● Data excerpts:
════════

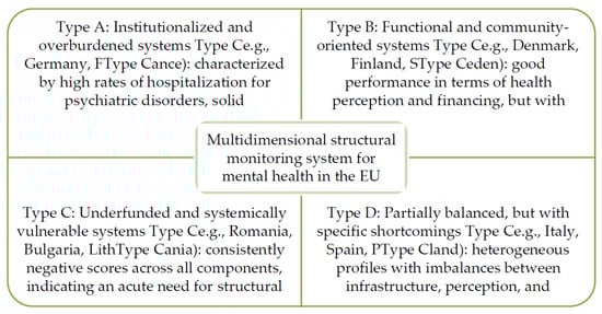 The novelty of this research lies in applying an integrated approach to a set of indicators that are rarely analyzed together in a pan-European perspective, proposing a conceptual and empirical framework for understanding the synergies and tensions between psychiatric needs and systemic resources. By identifying the common components and structural factors that shape European diversity in mental health, the resulting findings offer a solid scientific basis for informing public policy, guiding strategic resource allocation, and supporting the development of contextualized intervention models. An original contribution to the literature on mental health governance is achieved through the development of a structural taxonomy that links population needs with resource availability and efficiency. An empirical framework is also provided to facilitate the formulation of differentiated public policies grounded in the psychosocial realities of each Member State.
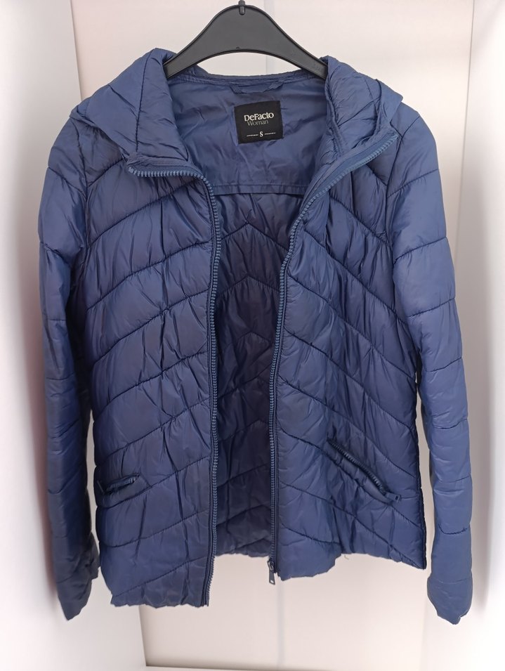 Lacivert kadın mont. Resimde görüldüğü gibi kolunda çok küçük bir kusur var.
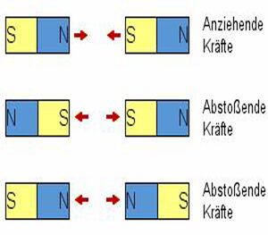 Wenn ein Magnet zerbrochen wird, entstehen zwei neue Magnete mit wieder jeweils zwei Polen. Zwischen den Polen zweier Magneten arbeiten eigene Kräfte. Es gilt immer: Gleichartige Pole stoßen sich ab, verschiedenartige ziehen einander an.
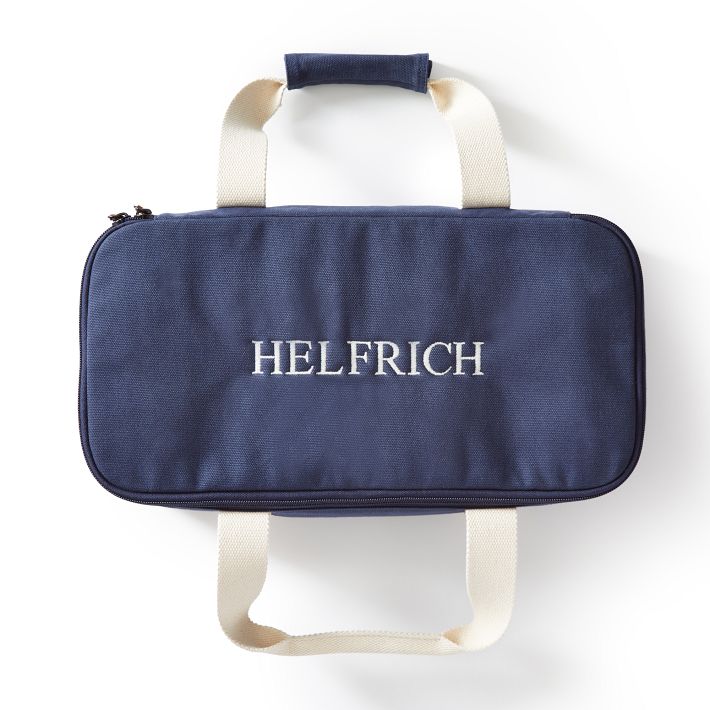 Hours of outdoor family fun in a bag. This bocce ball set includes everything you need to play the classic game, just add lawn. Colorful resin balls fit snugly in a canvas carrying case that can be personalized with the monogram of your choice. A thoughtful gift for the friend who has everything, it’s the perfect casual afternoon game that all can play.
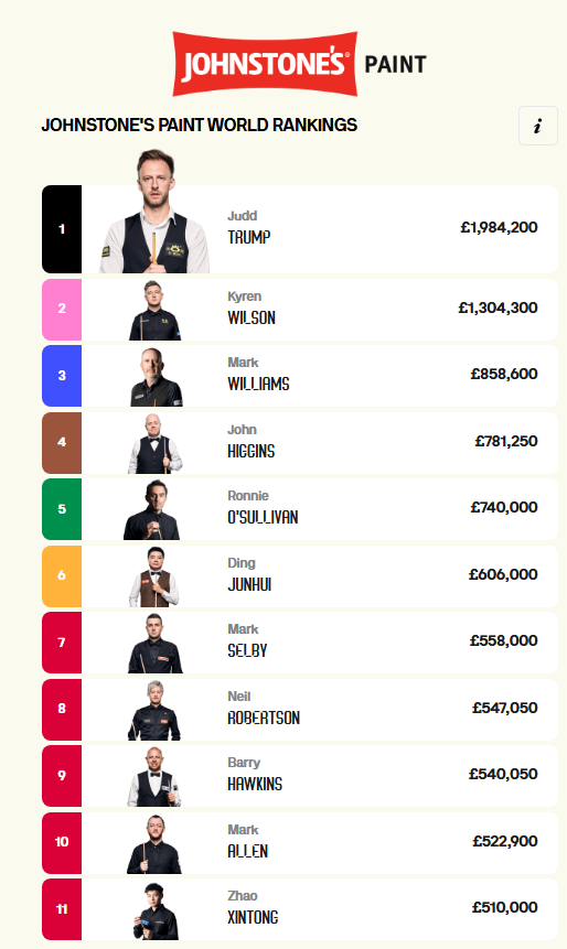 北京时间5月7日消息,昨日,世界斯诺克WST官网更新了世界锦标赛结束后的世界排名(即赛季末排名),刚刚夺得世锦赛冠军的28岁中国选手赵心童排在第11位。
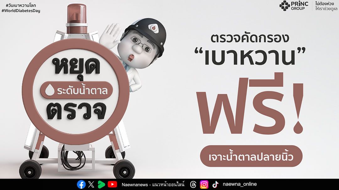 PRINC Group ขอเชิญชวนประชาชนผู้สนใจเข้ารับบริการ ‘ตรวจคัดกรองเบาหวานฟรี’ สอบถามข้อมูลเพิ่มเติมได้ที่โรงพยาบาลเครือพริ้นซ์ใกล้บ้านท่าน หรือติด ตามข้อมูลข่าวสารได้ทางเว็บไซต์ www.princgroup.com
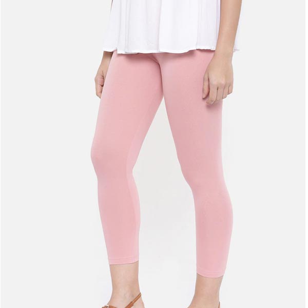 Women Pink Solid Cropped Leggings
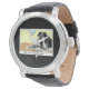 Uhr, Vintage Männeruhr mit schwarzem Lederarmband
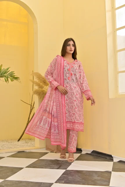 Beautifully printed with vibrant colors, this suit blends comfort with elegance—perfect for any occasion. Embrace Pakistani tradition with a modern touch!
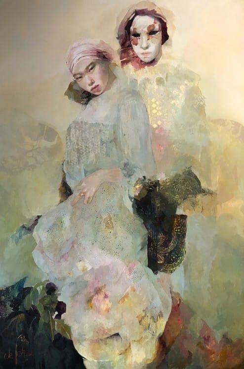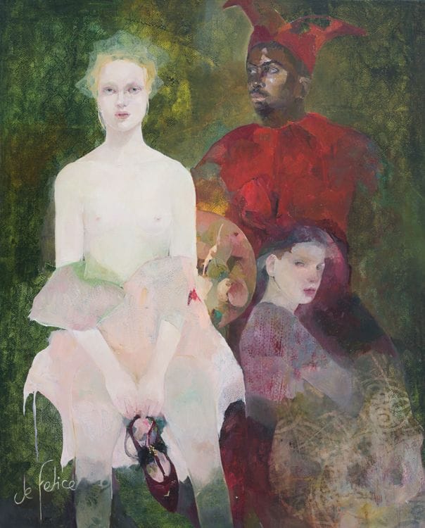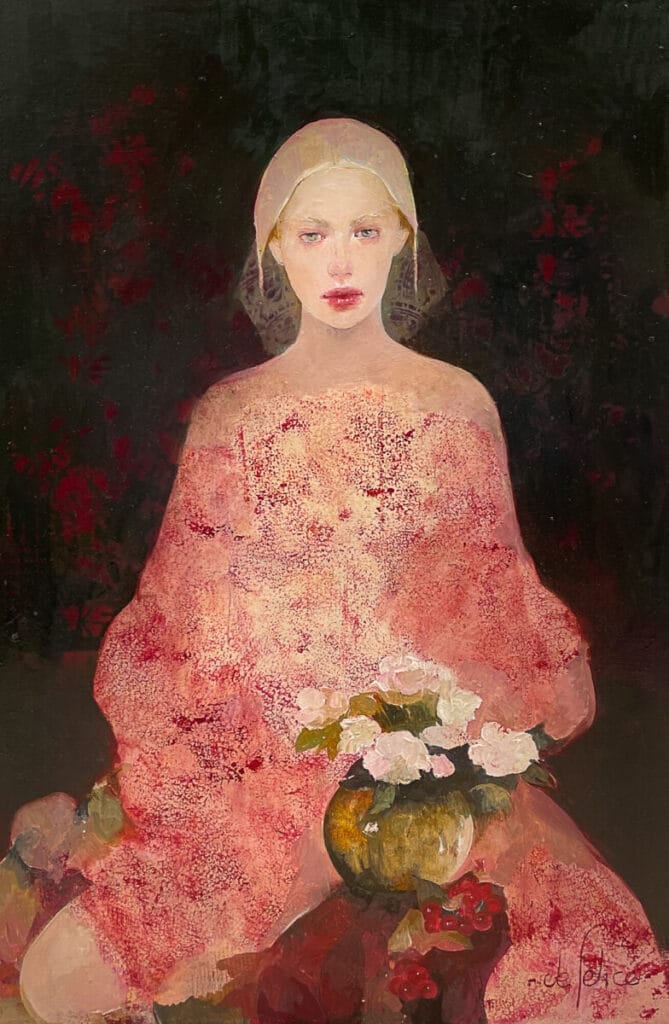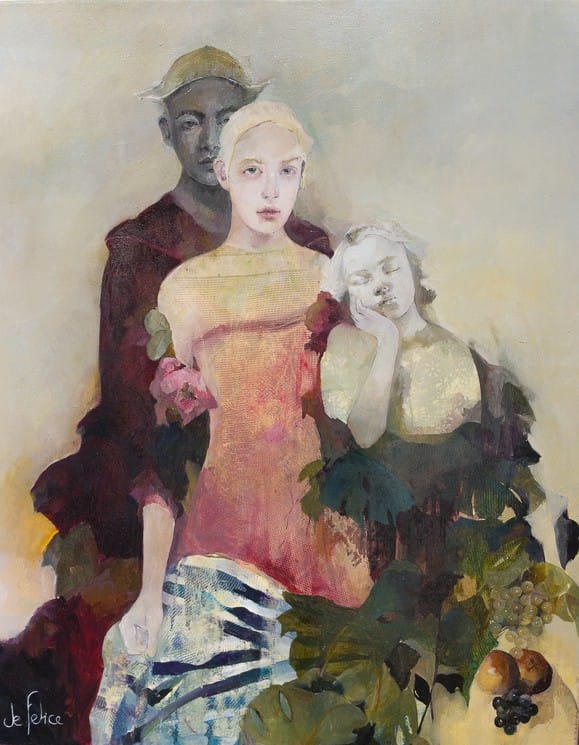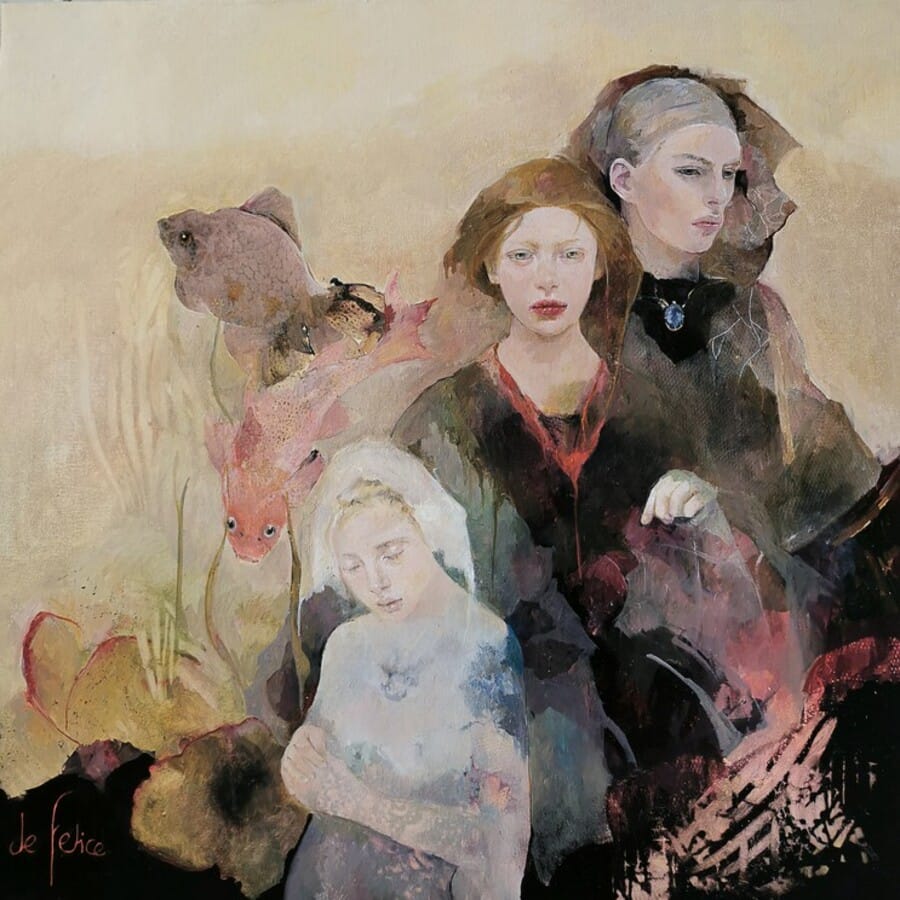 Françoise de Felice is a prolific French painter of Italian descent. She draws portraits of women imbued with the mysteries of the European baroque style. She plays with textures and creates liquid shades with an obvious sharpness. Her style, born out of skill and willpower, is rich. Her paintings complete an introspective process that veers into self-analytical territories.

════════

● PROBLEM DETAILS: Please output exactly the lines of the data above, from its first line through the line with "北京时间5月7日消息,昨日,世界斯诺克W", and nothing else; drop the pictures.

● RESPONSE TO THIS EXERCISE:
 The novelty of this research lies in applying an integrated approach to a set of indicators that are rarely analyzed together in a pan-European perspective, proposing a conceptual and empirical framework for understanding the synergies and tensions between psychiatric needs and systemic resources. By identifying the common components and structural factors that shape European diversity in mental health, the resulting findings offer a solid scientific basis for informing public policy, guiding strategic resource allocation, and supporting the development of contextualized intervention models. An original contribution to the literature on mental health governance is achieved through the development of a structural taxonomy that links population needs with resource availability and efficiency. An empirical framework is also provided to facilitate the formulation of differentiated public policies grounded in the psychosocial realities of each Member State.
 Lacivert kadın mont. Resimde görüldüğü gibi kolunda çok küçük bir kusur var.
 Wenn ein Magnet zerbrochen wird, entstehen zwei neue Magnete mit wieder jeweils zwei Polen. Zwischen den Polen zweier Magneten arbeiten eigene Kräfte. Es gilt immer: Gleichartige Pole stoßen sich ab, verschiedenartige ziehen einander an.
 Hours of outdoor family fun in a bag. This bocce ball set includes everything you need to play the classic game, just add lawn. Colorful resin balls fit snugly in a canvas carrying case that can be personalized with the monogram of your choice. A thoughtful gift for the friend who has everything, it’s the perfect casual afternoon game that all can play.
 北京时间5月7日消息,昨日,世界斯诺克WST官网更新了世界锦标赛结束后的世界排名(即赛季末排名),刚刚夺得世锦赛冠军的28岁中国选手赵心童排在第11位。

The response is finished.